This one sunk right through to my heart. I don’t have too many regrets in my life, but I hope to never forget this advice in the future. The first thing that came to mind was an ex. But it’s true, I did the best I could for myself at that time. I needed to get away from him. Maybe I didn’t go about it the right way, but it’s done and I think I’m in a better place because of it. Things happen for a reason.

Speaking of which, karma is real and it’s kicking my ass for something, and I think I know what it is.

If you don’t know, my grandparents live with me and my mom and dad. I don’t mind Grandma (though her toy poodle can be annoying), but I do not like my grandfather. It’s the side of the family we don’t really see, and we’ve had a shaky past, so we weren’t exactly off to a great start. But he is just so expectant of my mother and of his wife. He’s not very thankful. He thinks he’s going to get better, at 80 years old. He thinks very highly of himself and very poorly of – it seems – everyone else. Some of his own kids think he’s a pain in the ass. Some of them don’t even want to see him, and I don’t blame them.

For the past two years, I have seen his health deteriorate. I have watched him go from shuffling through the house, to being wheelchair-bound, to being basically bedridden. And each time he gets worse, I just keep hoping it’s the end. It has been such a stress on my mom, the caretaker, 24/7. (Luckily, some of her siblings help out from time to time.) It has caused tension between my parents. It has shattered my sense of home.

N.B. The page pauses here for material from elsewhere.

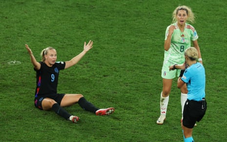 Referee Ivana Martincic points to the penalty spot after Beth Mead of England is fouled by Emma Severini of Italy. Photograph: Alexander Hassenstein/Getty Images

I always feel in the way. When I come home, suddenly there’s no room in the fridge. I’ve stopped putting ice in my drinks because our ice machine is slow enough that my dad already has to go to the store at least once a week just to get an extra bag. I can’t park in my driveway anymore because it’s a shorter walk for grandma. I make breakfast and then disappear to my room so they can have the TV because Grandpa can’t move from his chair. We moved my cat’s food so the dog wouldn’t get to it. I don’t talk to my mom while she gets ready for bed anymore because I know she’s just too tired during the week. I have to dodge the chairlift, most annoyingly when I’m carrying packed bags.

It’s just not home anymore.

And maybe that’s a good thing, so I can move on. Time will tell.

But because of this whirlwind of shit, I keep wishing Grandpa will die soon. I’m not exactly proud to say it, but it’s true. And it’s just what I wish. I know I shouldn’t wish death upon anyone, but I feel no remorse.

And karma knows it. And that’s why it’s kicking my ass.

I’m not going to proclaim to be a better person. I have no plans to take it back, because I know it won’t help at this point. I also know I wouldn’t mean it. I just think it takes more to be honest in this situation.

Maybe karma will reward me for that later.